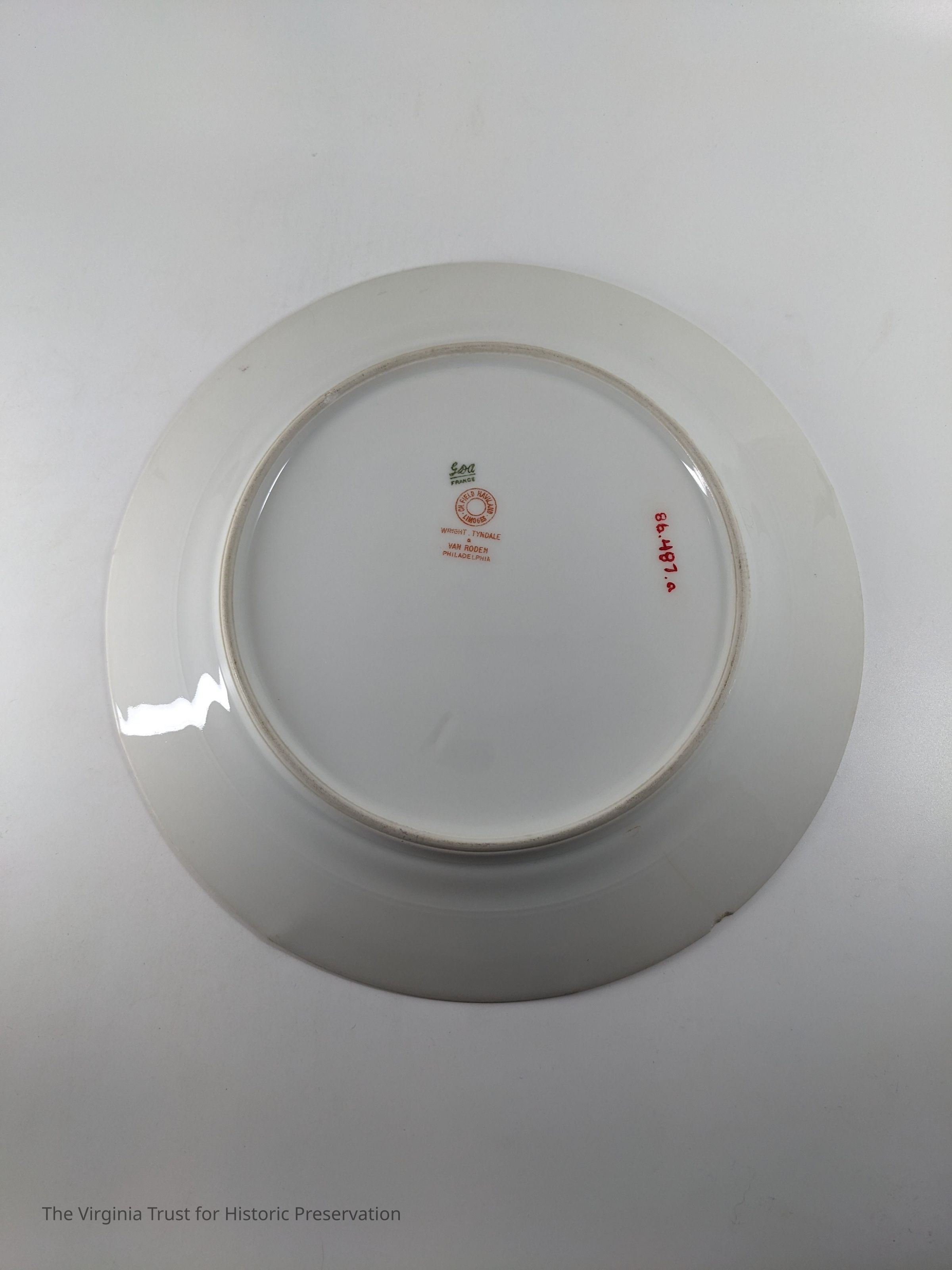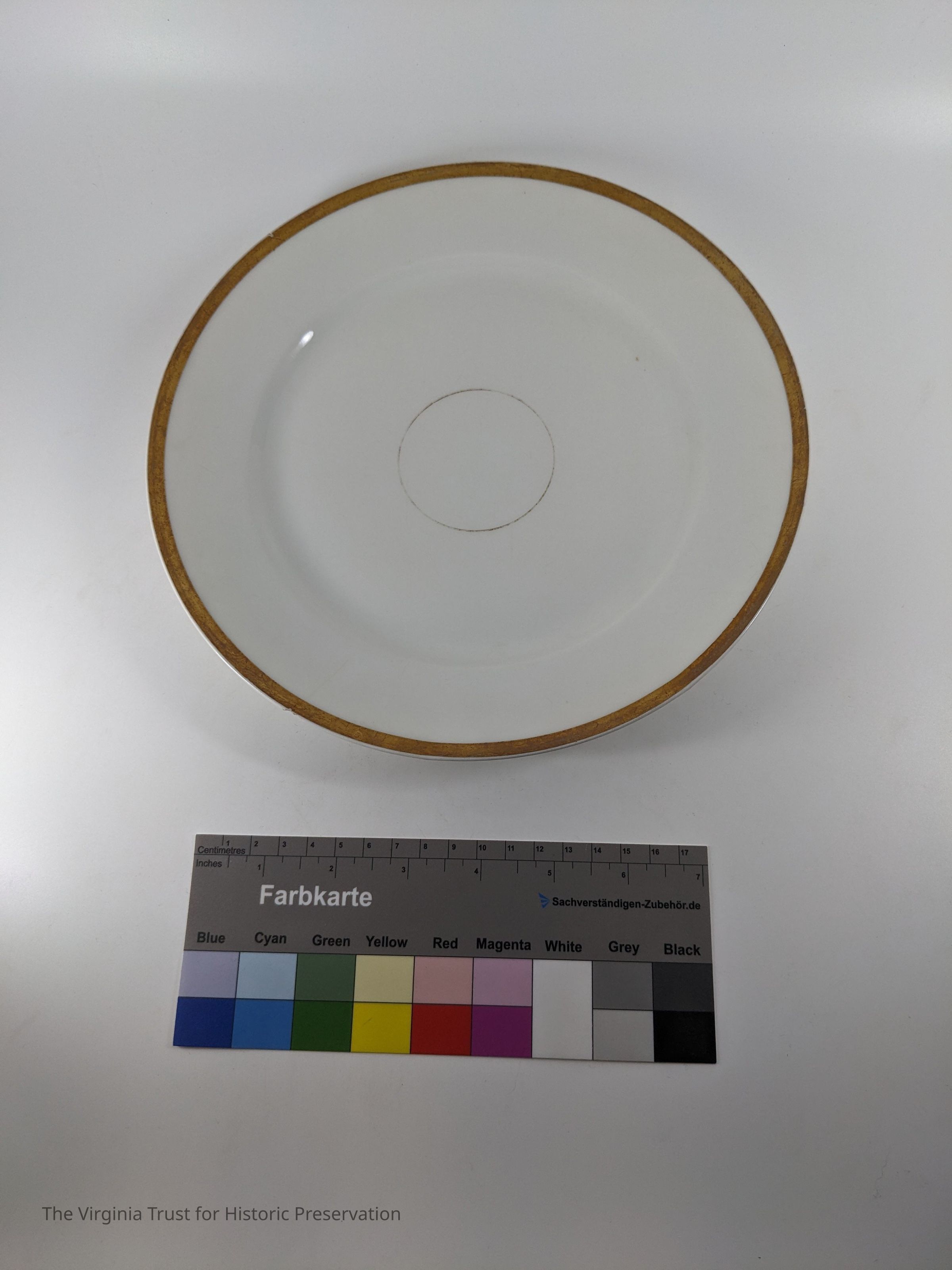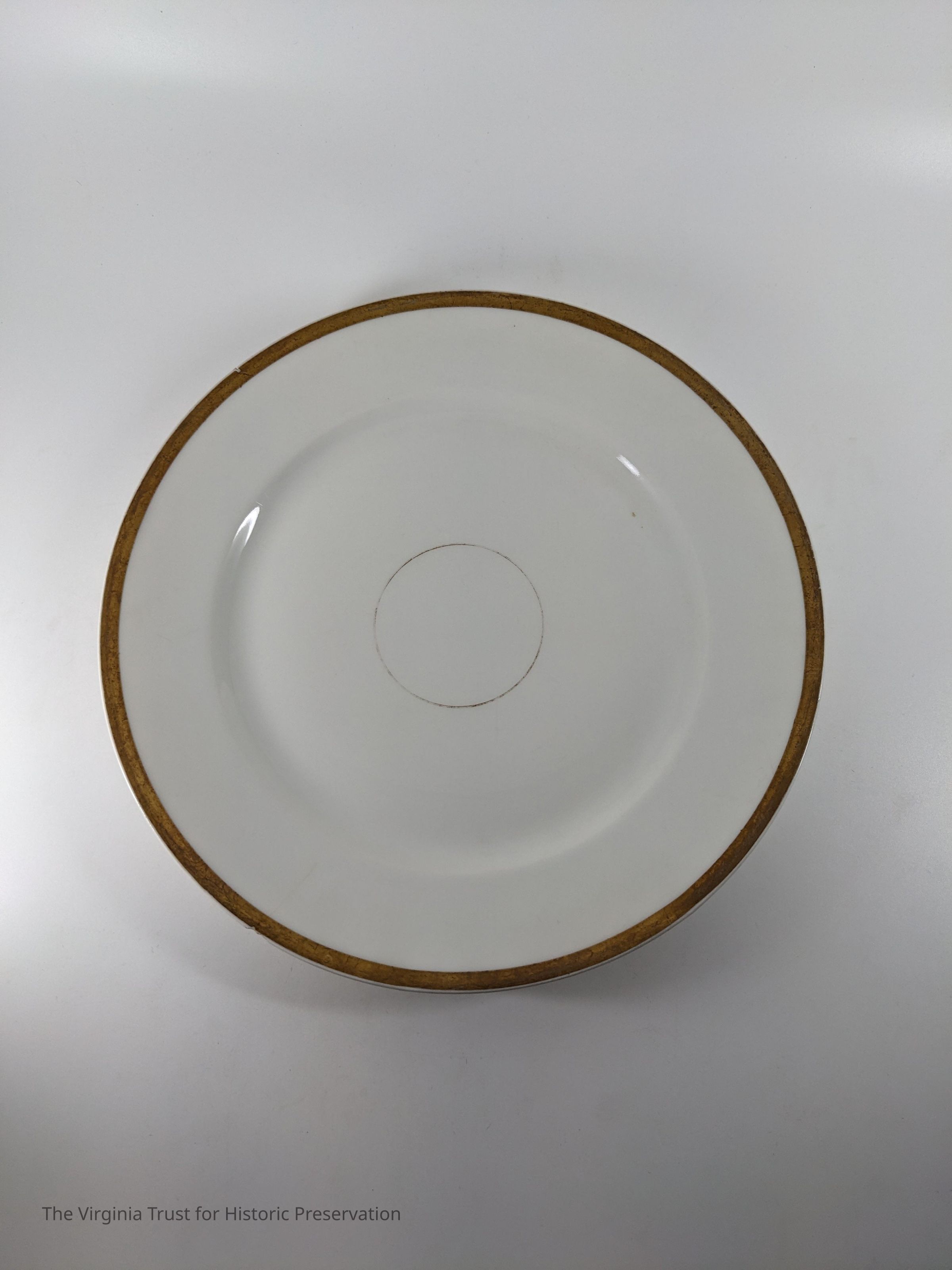 Set of 6 dinner plates - white with gold rims. Stamp on underside: "GDA France Ch. Field Haviland Limoges. Wright Tyndale & Van Roden Philadelphia."
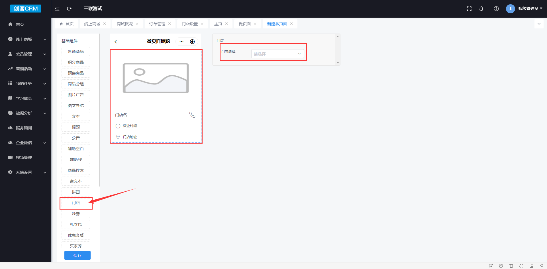 **联系电话,地址,行政区域,地图定位,简介,备注,店招图片**:添加门店组件的时候,可以显示出该门店的信息,地图定位主要控制计算当前位置距离该门店的距离
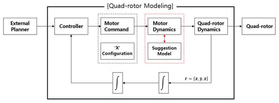 In this paper, we verified the response characteristics and performance errors due to the drive part and battery voltage drop, which are composed of the same hardware through experiments and examined the effect of the error on the quad-rotor. It also presented how to construct a motor model to reflect the performance of the actual motor and achieve accurate thrust in the quad-rotor model. Figure 19 shows one of the typical quad-rotor modeling methods [].

#### TASK ITEM:
Repeat the material exactly and drop each image.

#### TASK RESPONSE:
 Set of 6 dinner plates - white with gold rims. Stamp on underside: "GDA France Ch. Field Haviland Limoges. Wright Tyndale & Van Roden Philadelphia."
 **联系电话,地址,行政区域,地图定位,简介,备注,店招图片**:添加门店组件的时候,可以显示出该门店的信息,地图定位主要控制计算当前位置距离该门店的距离
 In this paper, we verified the response characteristics and performance errors due to the drive part and battery voltage drop, which are composed of the same hardware through experiments and examined the effect of the error on the quad-rotor. It also presented how to construct a motor model to reflect the performance of the actual motor and achieve accurate thrust in the quad-rotor model. Figure 19 shows one of the typical quad-rotor modeling methods [].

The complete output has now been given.